Last spring we made our first attempt at learning to prune blackberries. Honestly, I held out little hope that it would go well because I was so confused by all of the different methods for the different types of blackberries to choose from. Erect, Semi-Erect, Trailing, Semi-Trailing… er.. are the Semi-‘s the same? Which canes are the floricanes or primocanes? We didn’t even know where to start because we hadn’t a clue what type they were!
From examining the habits of the blackberry’s canes, to the color of their flowers, to even looking at the seeds under a microscope because different varieties have differently shaped seeds, I tried everything. I never came to any definitive conclusions. So we made a shot in the dark and did our best.
A year later, and I’m not any closer to determining the variety, nor can I remember what method of pruning we even settled upon (not that it did the brambles any favors for our harvest was incredibly meager.)

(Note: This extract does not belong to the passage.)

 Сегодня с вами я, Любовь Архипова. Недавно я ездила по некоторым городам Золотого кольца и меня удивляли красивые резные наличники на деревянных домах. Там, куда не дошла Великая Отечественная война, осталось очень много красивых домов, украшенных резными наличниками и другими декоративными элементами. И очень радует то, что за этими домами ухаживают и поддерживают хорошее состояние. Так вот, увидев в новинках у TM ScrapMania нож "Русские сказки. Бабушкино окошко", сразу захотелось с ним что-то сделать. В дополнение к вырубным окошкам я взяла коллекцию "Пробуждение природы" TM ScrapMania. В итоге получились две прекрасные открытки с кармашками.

So we settled on doing it the way all the Amish in our area prune their thornless blackberries, regardless of cane habit. It is incredibly easy to do (and remember!) And since we had a bumper crop the year we moved in here (when the brambles had been Amish-pruned blackberries), I hoped they would do much better!
Since we first began to prune blackberries using this method, the years where the flowers weren’t weather-damaged we have had fantastic harvests. Last year, I had so many berries I had enough to eat fresh, make into a beautiful jam, and ferment into the most amazing Blackberry Melomel.
How to Prune Blackberries
• Select 4-6 healthy, thick-stemmed canes to keep and then remove the rest. Show above is before of one blackberry plant, below is after where I saved the best 5 canes.

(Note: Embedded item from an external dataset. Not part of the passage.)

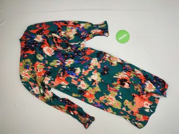 Na co dzieńSukienka maxi damska z długimi rękawami i dekoltem w kształcie litery V, idealna na wiele okazji. Materiał w barwne, abstrakcyjne wzory w odcieniach zieleni, pomarańczy, błękitu i czerni nadaje jej unikalny wygląd. Długie rękawy zakończone są gumką, co dodaje im puszystości i komfortu noszenia. Sukienka posiada kopertowy fason, który pięknie podkreśla sylwetkę, jednocześnie zapewniając swobodę ruchów. Wykonana z poliestru, jest lekka i przewiewna. Doskonała zarówno na co dzień, jak i na specjalne wyjścia, oferując styl i wygodę w jednym.Stan idealny.

• Remove all laterals between 12-18″ from the ground. (See above photo.)
Shorten the height of long canes by cutting them back to 5-6 feet tall. (Not pictured.) That’s pretty easy. For most of us, we can just trim them back to our body height. Unless you’re over 6 feet tall. Either way, I bet my canes will be shorter than yours.
• Trim back all remaining laterals to 12-18″ long. (Pictured above.) So that would be any and all laterals on each cane that are above that 12-18″ mark in Step #2.